- _Records for the exercise_:
=== Section Start ===
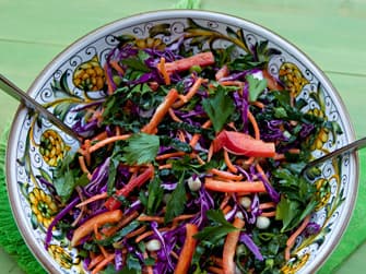 A superfood packed salad including kale, goji berries, sunflower seeds and red cabbage with a delicious citrus dressing.
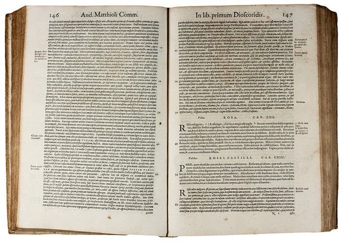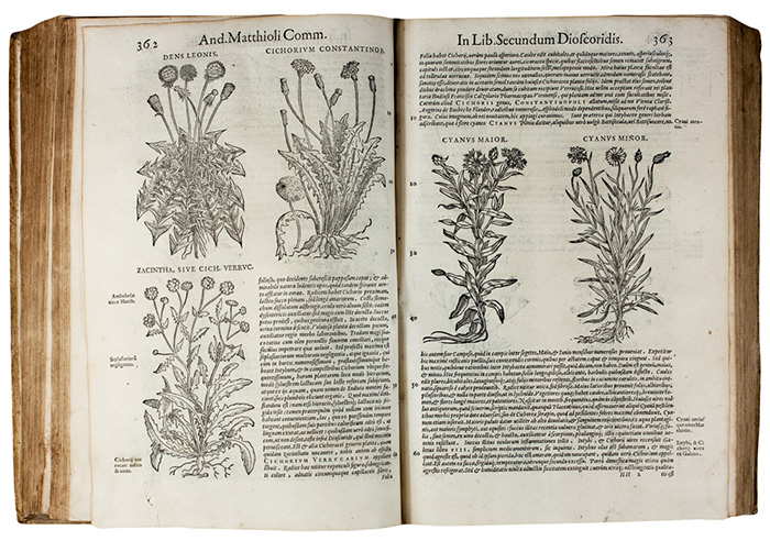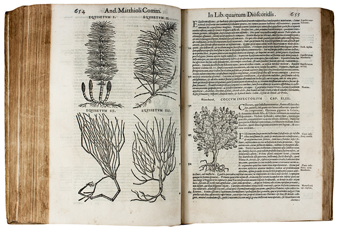 Bella edizione in latino di questo celeberrimo erbario stampata dal Valgrisi, adorna di oltre mille illustrazioni nel testo, incluse oltre 300 figure qui pubblicate per la prima volta. Cfr. Adams D-673; Durling 3013; Nissen, BBI 1305; Pritzel 5985; Wellcome 4145.
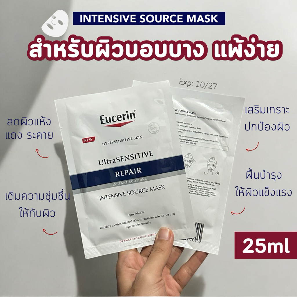 Eucerin Ultra Sensitive Repair Instant Soothing Intensive Source Mask5 Sheet Masks มาส์กหน้าผิวชุ่มชื้นเร่งด่วนรีแพร์ผิว สำหรับผิวบอบบาง แพ้ง่ายให้ความชุ่มชื้นกับผิวทันที ช่วยลดปัญหาผิวแห้ง แดง ระคายเคืองช่วยปลอบประโลมผิวให้ผ่อนคลาย เสริมเกราะปกป้องผิวให้ ,
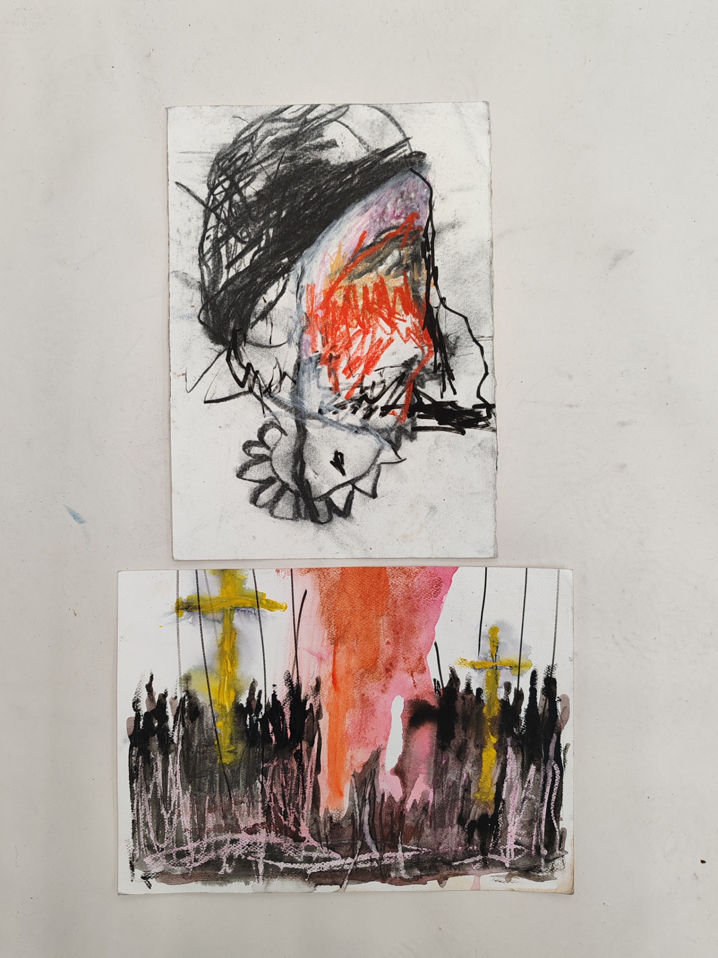 "Nimetön / Untitled", 2022 - 2025, mixed media on paper
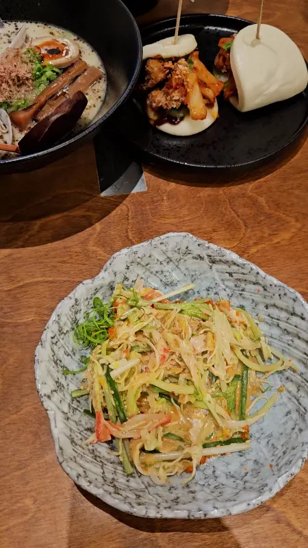 저희는 치킨까스 바이트와 함께 세 종류의 라멘, 즉 쇼유, 매운 된장 탄탄, 훈제 시오 다시를 주문했습니다. 잠시 후, 따뜻한 김이 피어오르는 라멘이 테이블에 놓였습니다.
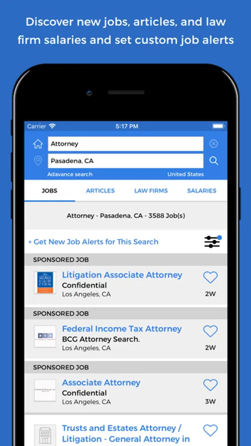 • Easy navigation and fast loading allows you to search for associate or partner openings and both in-house and firm positions.
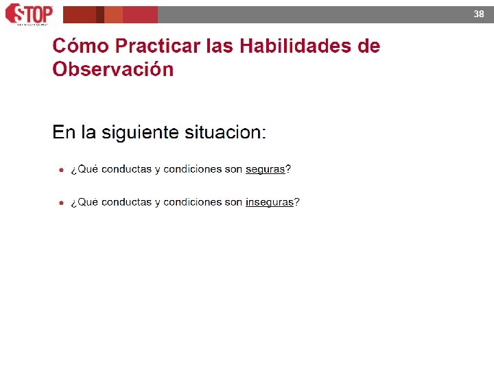 DECIDA: Otorge máxima prioridad a la seguridad. DETENGASE: Preste toda su atención al área de trabajo. OBSERVE: Busque actos inseguros y condiciones inseguras. Recurra a la AUTO-OBSERVACION y a su “visión mental” para: - Pensar como hacia el trabajo en el pasado. - Pensar como lo esta haciendo ahora y como planea hacerlo. - Comparar estas dos ideas con la forma en que deberia realizar el trabajo con seguridad. -Ver ejemplos y comentarlos. Recurra a la OBSERVACION TOTAL y a sus sentidos para que: - MIRE Arriba, Abajo, Atras, Adentro (lo que llamamos las 4 A). Por Seguridad - ESCUCHE los ruidos no habituales. - HUELA los olores no habituales. - SIENTA las temperaturas y las vibraciones no habituales.
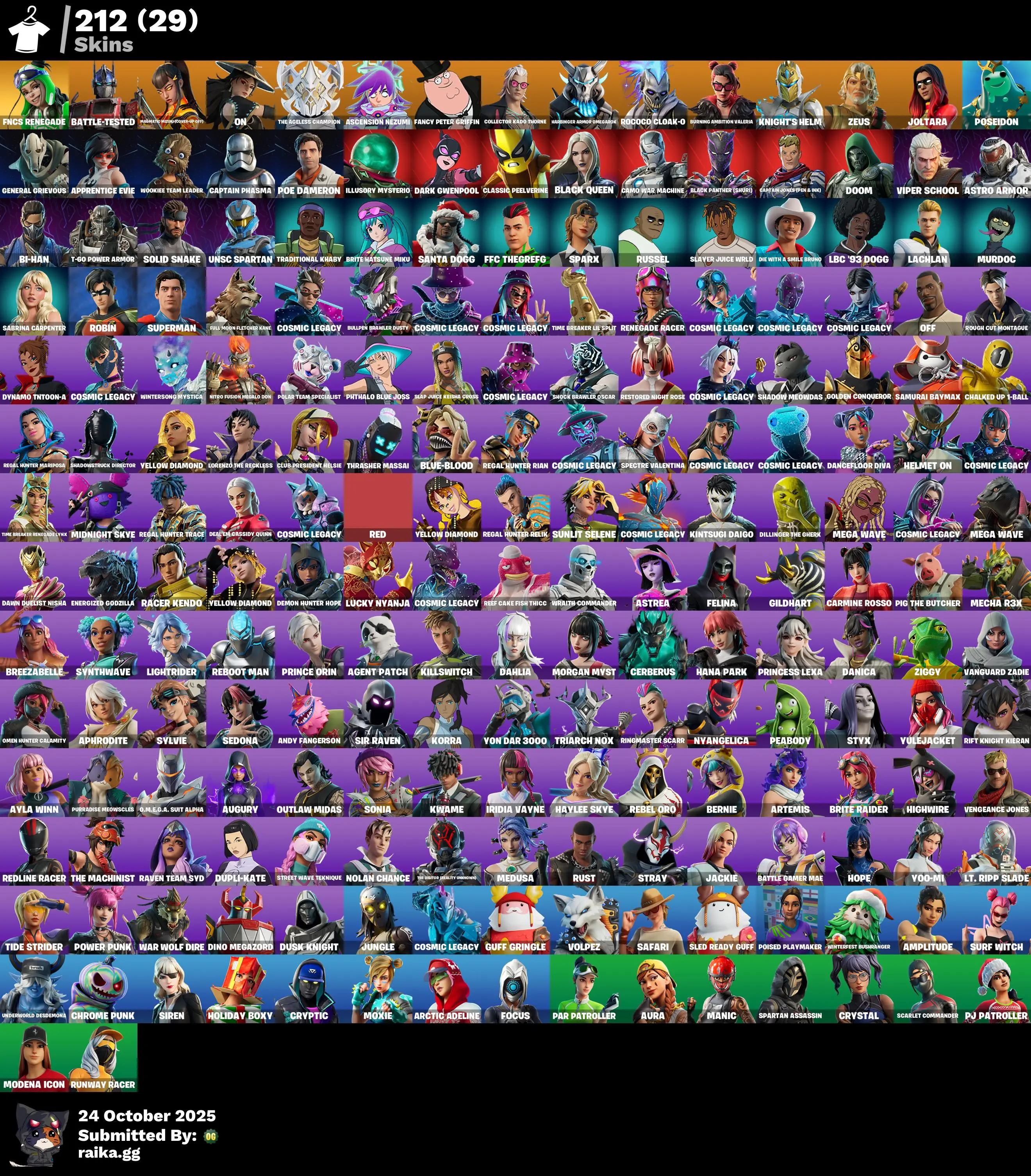 203 skins | Kado Thorne🎃Poe Dameron🎃Valeria🎃Era🎃Nezumi🎃Optimus Prime🎃The Ageless🎃Captain Phasma🎃Omegarok🎃Wookiee Team Leader🎃Spectra Knight🎃Joltara🎃FNCS Renegade🎃Peter Griffin🎃General Grievous🎃Poseidon🎃Mizuki🎃Renzo the Destroyer D5197
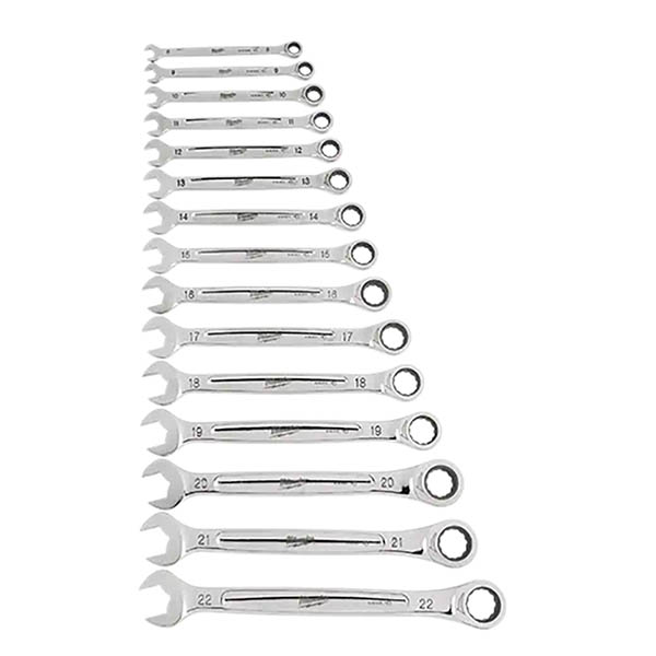 MAX BITE™ Open-End Grip improves the ratchet wrench's grip on nuts and bolts, offering 25% more torque than smooth-faced wrenches. Each combination wrench features a comfortable I-Beam handle design for improved ergonomics. Our ratcheting combination wrench set features ink-filled size labels for easy size identification, as well as quick distinction between SAE and metric sets. The 15 piece metric ratcheting combination wrench set comes in a tray designed for steel storage drawers, allowing for efficient storage with no wasted space. |
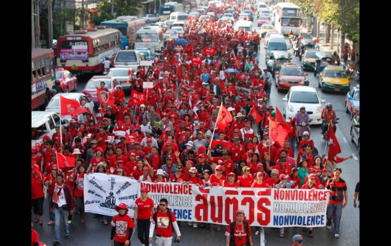 Internacional | Al menos 10 mil partidarios del frente antigubernamental participaron de la marcha Los 'camisas rojas' acosan al gobierno tailandés con una nueva manifestación Al menos 10 mil personas participaron de la marcha; anuncian que las movilizaciones seguirán mientras el primer ministro continúe en el poder Por: EFE 9 de enero de 2011 - 08:58 hs Al menos 10 mil partidarios del frente antigubernamental, marcharon por las calles del centro de Bangkok. REUTERS / BANGKOK, TAILANDIA (09/ENE/2011).- Al menos 10 mil partidarios del frente antigubernamental, conocidos por "camisas rojas", marcharon hoy por las calles del centro de Bangkok para continuar con su estrategia de acoso al gobierno de Tailandia. La marcha, convocada por el Frente Unido para la Democracia y contra la Dictadura, transcurrió por el mismo corazón comercial de la capital en el que sus seguidores se atrincheraron durante abril y mayo del año pasado. Los líderes de la plataforma antigubernamental indicaron por medio de un comunicado, que continuarán con su planes de celebrar cada mes dos manifestaciones en Bangkok mientras el primer ministro, Abhisit Vejjajiva y su Gobierno continúen el poder. La Policía desplegó medio millar de agentes de las brigadas antidisturbios con la finalidad de prevenir brotes de violencia durante la protesta, primera de 2011. Las protestas y enfrentamientos librados el pasado año entre los "camisas rojas" y las fuerzas de seguridad, arrojaron 91 muertos y mil 800 heridos. La marcha de los "camisas rojas" tuvo lugar unas horas después de que el primer ministro anunciara en un discurso televisado, una batería de medidas destinadas a reducir el desequilibrio social, en un aparente intento de mejorar la imagen del gobierno antes de las elecciones previstas para este año. Vejjajiva, quien sopesa disolver el Parlamento y convocar comicios a mediados de año, dijo que las nuevas medidas persiguen beneficiar a los tailandeses con menor poder adquisitivo y a los trabajadores autónomos, como taxistas y vendedores ambulantes. Por su parte, el portavoz del Partido Demócrata, Buranaj Smutharaks, señaló que las iniciativas destinadas a reducir el desequilibrio social serán la espina dorsal del programa que la formación presentará durante la campaña electoral. Tras los disturbios ocurridos en Bangkok el pasado año a raíz de las protestas callejeras de los seguidores del Frente, Vejjajiva se comprometió a adoptar medidas para reducir la desigual distribución de la riqueza. Los "camisas rojas", que continúan con las manifestaciones aunque con cariz pacífico, claman que su movilización es el resultado de la desatención al medio rural y consideran que el actual Gobierno es ilegítimo porque llegó al poder por medio de pactos parlamentarios con diputados tránsfugas. Temas Asia Manifestaciones en el mundo Tailandia Recibe las últimas noticias en tu e-mail Todo lo que necesitas saber para comenzar tu día Registrarse implica aceptar los Términos y Condiciones
=== Section End ===
- _What is being asked_: Exclude the images and output the lines above exactly.

- _Answer_:
 A superfood packed salad including kale, goji berries, sunflower seeds and red cabbage with a delicious citrus dressing.
 Bella edizione in latino di questo celeberrimo erbario stampata dal Valgrisi, adorna di oltre mille illustrazioni nel testo, incluse oltre 300 figure qui pubblicate per la prima volta. Cfr. Adams D-673; Durling 3013; Nissen, BBI 1305; Pritzel 5985; Wellcome 4145.
 Eucerin Ultra Sensitive Repair Instant Soothing Intensive Source Mask5 Sheet Masks มาส์กหน้าผิวชุ่มชื้นเร่งด่วนรีแพร์ผิว สำหรับผิวบอบบาง แพ้ง่ายให้ความชุ่มชื้นกับผิวทันที ช่วยลดปัญหาผิวแห้ง แดง ระคายเคืองช่วยปลอบประโลมผิวให้ผ่อนคลาย เสริมเกราะปกป้องผิวให้ ,
 "Nimetön / Untitled", 2022 - 2025, mixed media on paper
 저희는 치킨까스 바이트와 함께 세 종류의 라멘, 즉 쇼유, 매운 된장 탄탄, 훈제 시오 다시를 주문했습니다. 잠시 후, 따뜻한 김이 피어오르는 라멘이 테이블에 놓였습니다.
 • Easy navigation and fast loading allows you to search for associate or partner openings and both in-house and firm positions.
 DECIDA: Otorge máxima prioridad a la seguridad. DETENGASE: Preste toda su atención al área de trabajo. OBSERVE: Busque actos inseguros y condiciones inseguras. Recurra a la AUTO-OBSERVACION y a su “visión mental” para: - Pensar como hacia el trabajo en el pasado. - Pensar como lo esta haciendo ahora y como planea hacerlo. - Comparar estas dos ideas con la forma en que deberia realizar el trabajo con seguridad. -Ver ejemplos y comentarlos. Recurra a la OBSERVACION TOTAL y a sus sentidos para que: - MIRE Arriba, Abajo, Atras, Adentro (lo que llamamos las 4 A). Por Seguridad - ESCUCHE los ruidos no habituales. - HUELA los olores no habituales. - SIENTA las temperaturas y las vibraciones no habituales.
 203 skins | Kado Thorne🎃Poe Dameron🎃Valeria🎃Era🎃Nezumi🎃Optimus Prime🎃The Ageless🎃Captain Phasma🎃Omegarok🎃Wookiee Team Leader🎃Spectra Knight🎃Joltara🎃FNCS Renegade🎃Peter Griffin🎃General Grievous🎃Poseidon🎃Mizuki🎃Renzo the Destroyer D5197
 MAX BITE™ Open-End Grip improves the ratchet wrench's grip on nuts and bolts, offering 25% more torque than smooth-faced wrenches. Each combination wrench features a comfortable I-Beam handle design for improved ergonomics. Our ratcheting combination wrench set features ink-filled size labels for easy size identification, as well as quick distinction between SAE and metric sets. The 15 piece metric ratcheting combination wrench set comes in a tray designed for steel storage drawers, allowing for efficient storage with no wasted space. |
 Internacional | Al menos 10 mil partidarios del frente antigubernamental participaron de la marcha Los 'camisas rojas' acosan al gobierno tailandés con una nueva manifestación Al menos 10 mil personas participaron de la marcha; anuncian que las movilizaciones seguirán mientras el primer ministro continúe en el poder Por: EFE 9 de enero de 2011 - 08:58 hs Al menos 10 mil partidarios del frente antigubernamental, marcharon por las calles del centro de Bangkok. REUTERS / BANGKOK, TAILANDIA (09/ENE/2011).- Al menos 10 mil partidarios del frente antigubernamental, conocidos por "camisas rojas", marcharon hoy por las calles del centro de Bangkok para continuar con su estrategia de acoso al gobierno de Tailandia. La marcha, convocada por el Frente Unido para la Democracia y contra la Dictadura, transcurrió por el mismo corazón comercial de la capital en el que sus seguidores se atrincheraron durante abril y mayo del año pasado. Los líderes de la plataforma antigubernamental indicaron por medio de un comunicado, que continuarán con su planes de celebrar cada mes dos manifestaciones en Bangkok mientras el primer ministro, Abhisit Vejjajiva y su Gobierno continúen el poder. La Policía desplegó medio millar de agentes de las brigadas antidisturbios con la finalidad de prevenir brotes de violencia durante la protesta, primera de 2011. Las protestas y enfrentamientos librados el pasado año entre los "camisas rojas" y las fuerzas de seguridad, arrojaron 91 muertos y mil 800 heridos. La marcha de los "camisas rojas" tuvo lugar unas horas después de que el primer ministro anunciara en un discurso televisado, una batería de medidas destinadas a reducir el desequilibrio social, en un aparente intento de mejorar la imagen del gobierno antes de las elecciones previstas para este año. Vejjajiva, quien sopesa disolver el Parlamento y convocar comicios a mediados de año, dijo que las nuevas medidas persiguen beneficiar a los tailandeses con menor poder adquisitivo y a los trabajadores autónomos, como taxistas y vendedores ambulantes. Por su parte, el portavoz del Partido Demócrata, Buranaj Smutharaks, señaló que las iniciativas destinadas a reducir el desequilibrio social serán la espina dorsal del programa que la formación presentará durante la campaña electoral. Tras los disturbios ocurridos en Bangkok el pasado año a raíz de las protestas callejeras de los seguidores del Frente, Vejjajiva se comprometió a adoptar medidas para reducir la desigual distribución de la riqueza. Los "camisas rojas", que continúan con las manifestaciones aunque con cariz pacífico, claman que su movilización es el resultado de la desatención al medio rural y consideran que el actual Gobierno es ilegítimo porque llegó al poder por medio de pactos parlamentarios con diputados tránsfugas. Temas Asia Manifestaciones en el mundo Tailandia Recibe las últimas noticias en tu e-mail Todo lo que necesitas saber para comenzar tu día Registrarse implica aceptar los Términos y Condiciones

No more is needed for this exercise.